Repeat the data exactly. Pictures stay out.
-- INFORMATION PROVIDED follows --
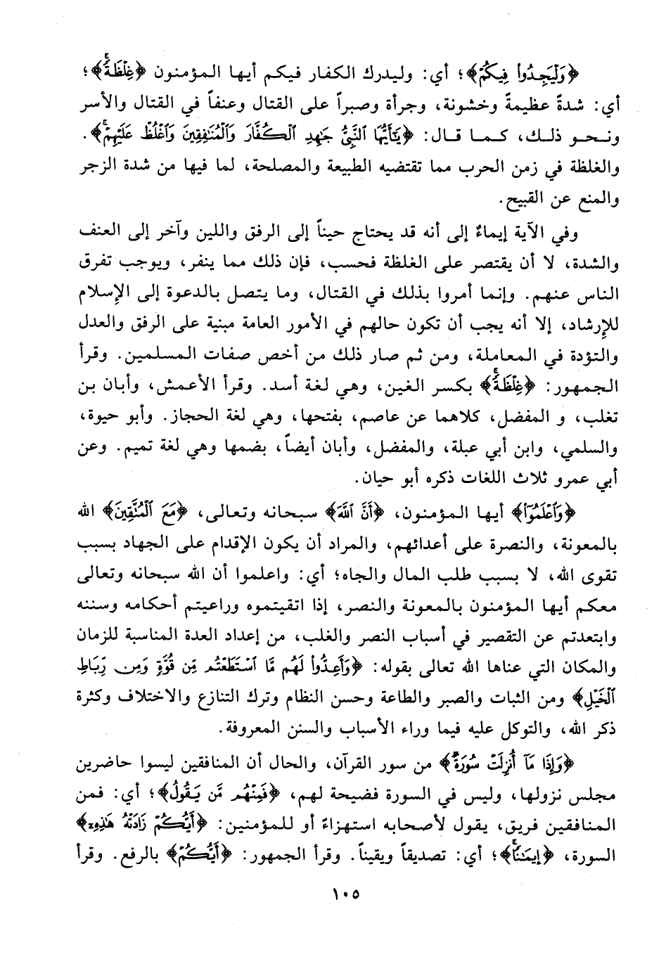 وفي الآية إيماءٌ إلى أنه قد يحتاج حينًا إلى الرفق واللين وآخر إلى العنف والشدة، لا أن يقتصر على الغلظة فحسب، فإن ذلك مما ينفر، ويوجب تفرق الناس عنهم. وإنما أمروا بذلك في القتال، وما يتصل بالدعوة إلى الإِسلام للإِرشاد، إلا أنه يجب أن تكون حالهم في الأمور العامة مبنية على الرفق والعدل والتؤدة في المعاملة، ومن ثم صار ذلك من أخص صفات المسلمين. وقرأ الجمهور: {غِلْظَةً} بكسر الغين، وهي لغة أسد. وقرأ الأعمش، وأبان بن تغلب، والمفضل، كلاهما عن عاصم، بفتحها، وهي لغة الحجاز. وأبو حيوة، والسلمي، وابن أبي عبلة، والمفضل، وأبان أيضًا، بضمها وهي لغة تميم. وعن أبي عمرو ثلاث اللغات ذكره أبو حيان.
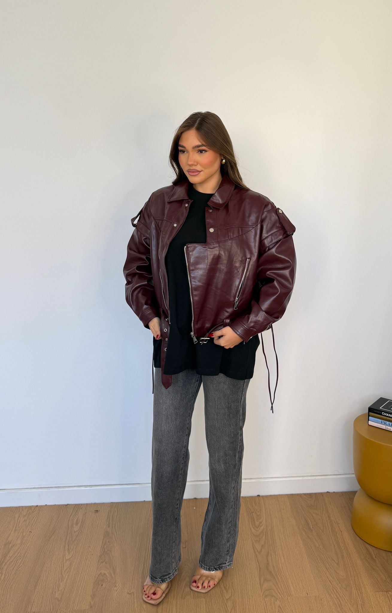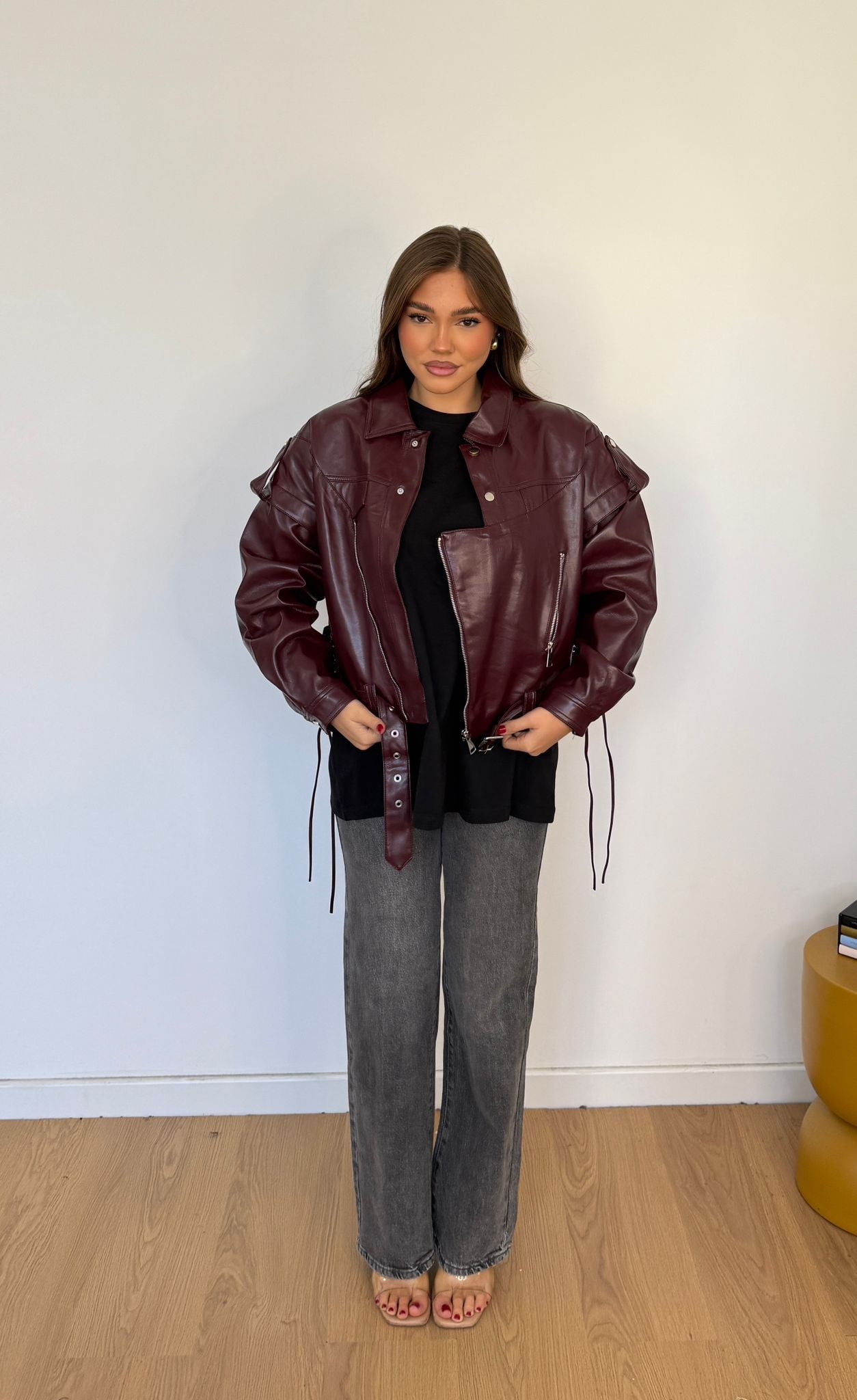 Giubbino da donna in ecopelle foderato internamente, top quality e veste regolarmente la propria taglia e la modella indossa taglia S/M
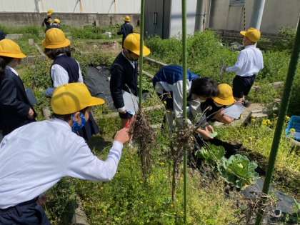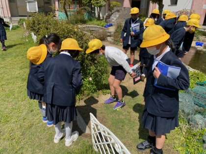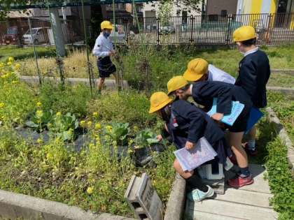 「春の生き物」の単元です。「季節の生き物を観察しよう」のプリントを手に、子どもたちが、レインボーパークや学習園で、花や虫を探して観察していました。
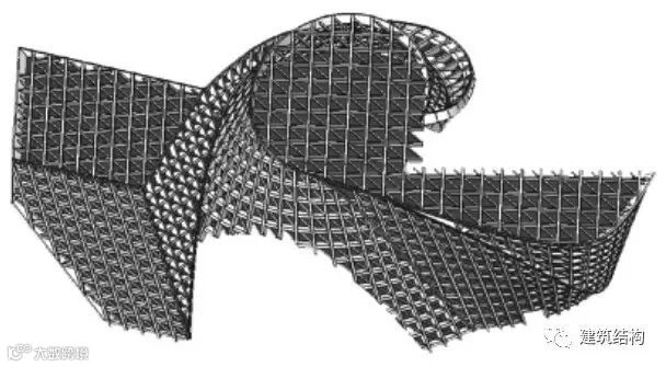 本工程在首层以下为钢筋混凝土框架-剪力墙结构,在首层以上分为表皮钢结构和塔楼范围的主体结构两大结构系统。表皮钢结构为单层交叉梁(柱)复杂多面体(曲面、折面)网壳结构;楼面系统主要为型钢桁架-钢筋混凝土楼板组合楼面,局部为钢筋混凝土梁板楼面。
-- INFORMATION PROVIDED concluded --
[WRITTEN RESPONSE]:
 وفي الآية إيماءٌ إلى أنه قد يحتاج حينًا إلى الرفق واللين وآخر إلى العنف والشدة، لا أن يقتصر على الغلظة فحسب، فإن ذلك مما ينفر، ويوجب تفرق الناس عنهم. وإنما أمروا بذلك في القتال، وما يتصل بالدعوة إلى الإِسلام للإِرشاد، إلا أنه يجب أن تكون حالهم في الأمور العامة مبنية على الرفق والعدل والتؤدة في المعاملة، ومن ثم صار ذلك من أخص صفات المسلمين. وقرأ الجمهور: {غِلْظَةً} بكسر الغين، وهي لغة أسد. وقرأ الأعمش، وأبان بن تغلب، والمفضل، كلاهما عن عاصم، بفتحها، وهي لغة الحجاز. وأبو حيوة، والسلمي، وابن أبي عبلة، والمفضل، وأبان أيضًا، بضمها وهي لغة تميم. وعن أبي عمرو ثلاث اللغات ذكره أبو حيان.
 Giubbino da donna in ecopelle foderato internamente, top quality e veste regolarmente la propria taglia e la modella indossa taglia S/M
 「春の生き物」の単元です。「季節の生き物を観察しよう」のプリントを手に、子どもたちが、レインボーパークや学習園で、花や虫を探して観察していました。
 本工程在首层以下为钢筋混凝土框架-剪力墙结构,在首层以上分为表皮钢结构和塔楼范围的主体结构两大结构系统。表皮钢结构为单层交叉梁(柱)复杂多面体(曲面、折面)网壳结构;楼面系统主要为型钢桁架-钢筋混凝土楼板组合楼面,局部为钢筋混凝土梁板楼面。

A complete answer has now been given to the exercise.